4. The PCA framework deems banks as risky if they slip some trigger points - capital to risk
weighted assets ratio (CRAR), net NPA, Return on Assets (RoA) and Tier 1 Leverage ratio.
5. This framework is applicable only to commercial banks and not to co-operative banks

• Thus, RBI will take corrective actions such as RBI giving strict warning, conducting deeper
audit & supervision.
• PCA is a direct action tool (Qualitative or Selective tool)

Supervisory Action Framework (SAF)


1. Reserve Bank of India (RBI) has introduced Supervisory Action Framework (SAF) which
monitors Co-operative Banks for faster resolution.
2. The SAF is similar to the Prompt Corrective Action (PCA) framework which is imposed on
commercial banks.
3. Co-operative Banks, which are distinct from commercial banks, were born out of the
concept of co-operative credit societies where members from a community group
together to extend loans to each other.

Asset Reconstruction Company


• It is a specialized financial institution that deals with the acquisition and resolution of non-
performing assets (NPAs) or distressed assets from banks and financial institutions.
• ARCs are typically established to help banks and financial institutions manage their bad
loans and improve their financial health.
• These companies purchase NPAs from banks at a discounted price and then work to
recover the value of these assets through various means, such as debt restructuring, asset
sales, or other strategies.
• This is being considered as the government's version of a bad bank or Public Sector Asset
Rehabilitation Agency (PARA) bank.

NARCL:
− Establishment: Part of India's strategy to address NPAs in banking.
− Role: Consolidates and manages stressed assets from banks.

Functioning:
− As an ARC: Buys bad loans at discounts and works on recovery.
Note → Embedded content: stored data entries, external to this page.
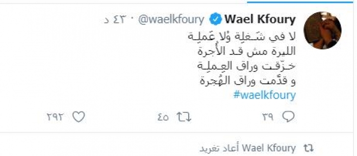 وعلق "كفوري" عبر حسابه الرسمي بموقع تويتر، بأبيات شعر قائلا: "لا في شَـغلِة وْلا عَملِـة، الليرة مش قـد الأُجرة خـزّقـت وراق العِـملِـة و قدَّمت وراق الهُجرة".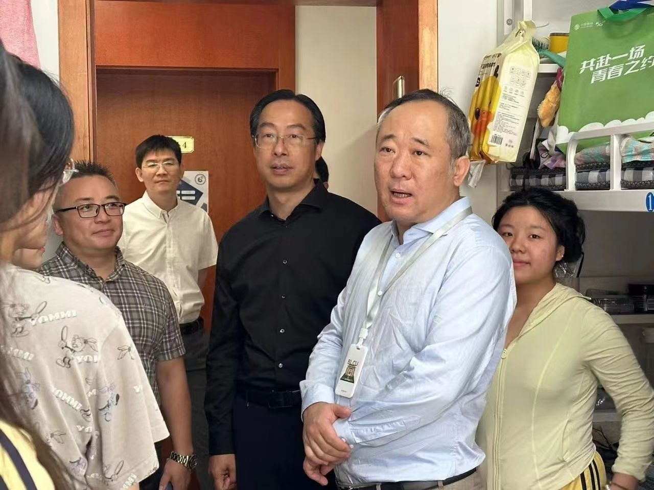 之后,段鹏校长、黄益方副校长和心理学院党总支书记王旭等一行人走访了心理学院学13楼219学生宿舍,向新生表达了热烈欢迎与真切关心,并与新生们进行了亲切交流,鼓励新生积极参与学院的各项活动,在自我提升的同时,尽快融入北语大家庭,获得归属感。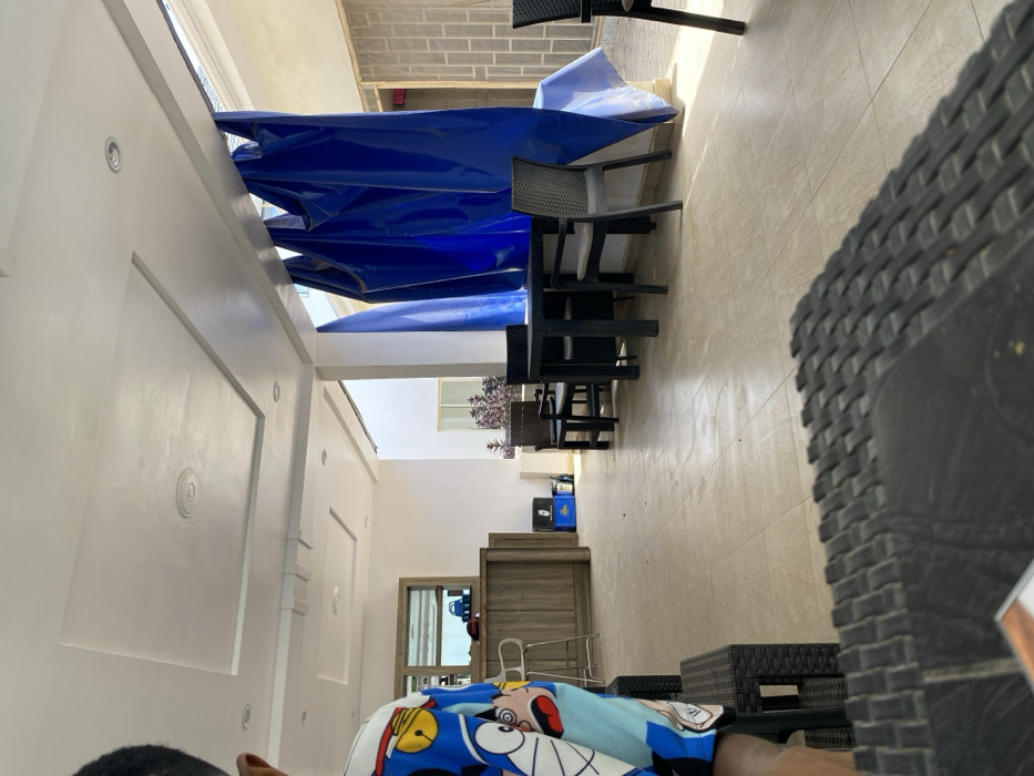 The image depicts a semi-outdoor dining or lounge area, likely a patio or veranda, located within a building complex in Jos, Nigeria. In the immediate foreground, the back of an individual wearing a blue and white shirt patterned with Doraemon cartoon characters is partially visible, seated at a dark, woven table or chair, partially obscured. The floor is covered with light-toned rectangular tiles. The area is furnished with multiple dark, woven plastic tables and chairs, arranged for seating. To the right, several vertical panels of blue tarpaulin or thick fabric are suspended, acting as partitions or sun shades. In the mid-ground, a wooden-textured bar counter with a single silver-colored high-stool is present. Near the base of the bar, two blue crates and one black crate are visible on the floor. Beyond the seating area and bar, an open-air space with white-painted walls and a glimpse of green and reddish foliage from plants is discernible. The ceiling above the patio area is white with recessed lighting fixtures and decorative rectangular panels. The scene is brightly lit by ambient daylight, indicating outdoor exposure. No specific signage or landmarks are visible within the image to identify the precise name or address of the establishment within Jos.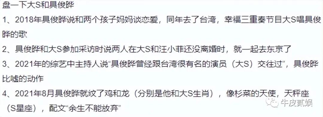 网友更是顺藤摸瓜,找到了大S与汪小菲婚姻存续期间,身在韩国参加节目的具俊晔,被身边好友曝出“正在和有两个孩子的人妻交往”。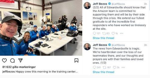 有人在推文中說(shuō),“貝索斯真可恥!!他今天還在西德克薩斯!他的員工卻失去了生命!”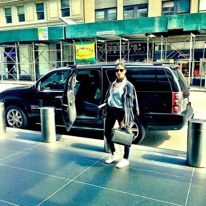 블랙 청바지에 '이로'의 가죽 재킷과 플랫, 선글라스를 매치했다.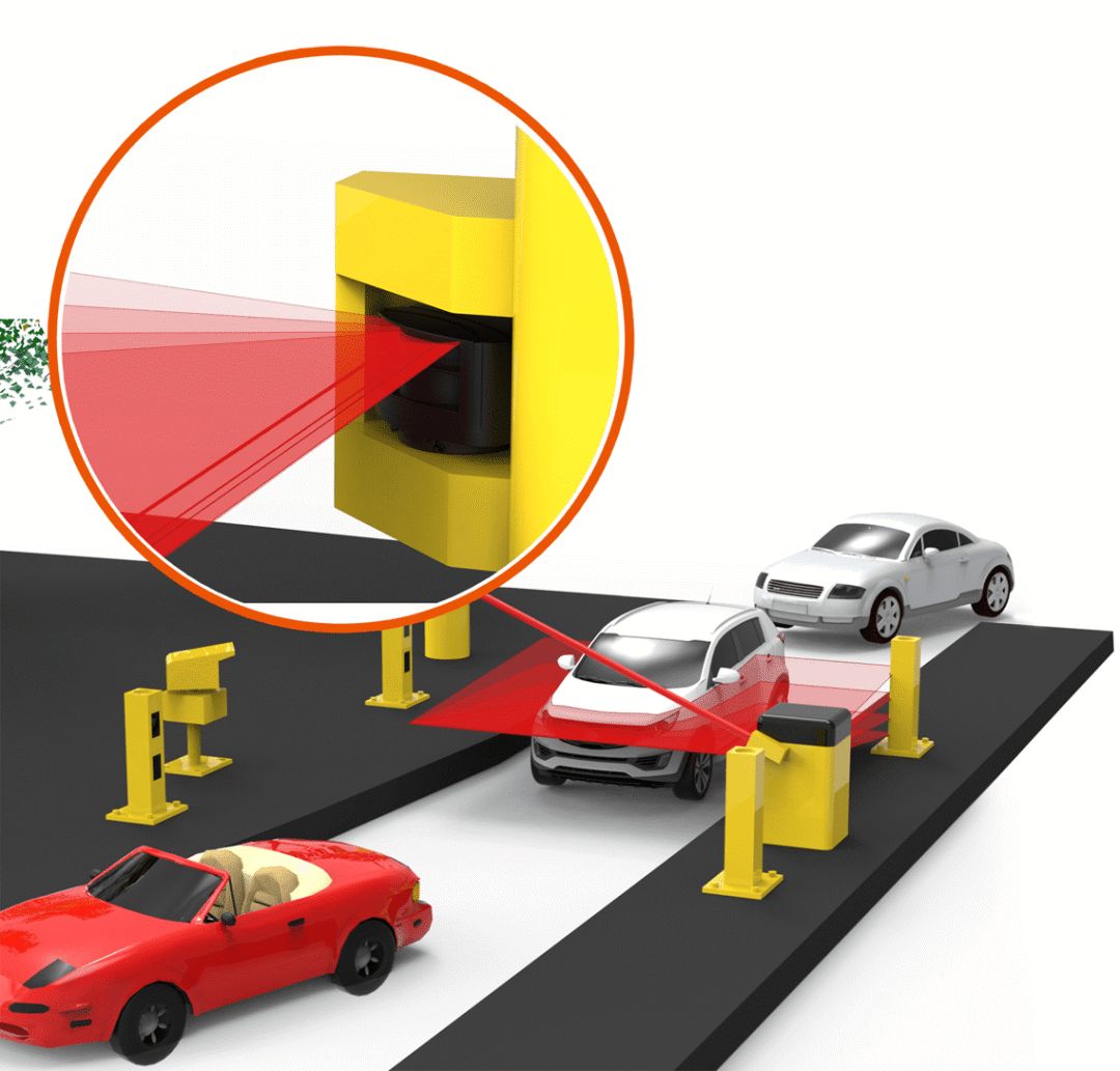 激光掃描儀通過(guò)檢測(cè)汽車的進(jìn)/出來(lái)控制停車場(chǎng)道閘欄桿。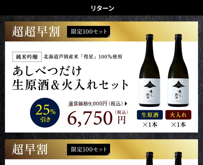 【超超早割 25%OFF 限定100本】あしべつだけ 生原酒&火入れセット

Cleans Balance Sheets:
Helps banks focus on core activities.

Impact on Banking Sector:


− Strengthens Finances: By absorbing NPAs, improves banks' health. 'Bad Bank' Concept:
Aids in segregating bad assets from banks.

− Associated Entities:
India Debt Resolution Company Ltd (IDRCL): Manages resolution of acquired assets.

− Regulatory Framework:
RBI Guidelines: Operates under Reserve Bank of India’s regulations.
Related Laws: Involves understanding of IBC and SARFAESI Act.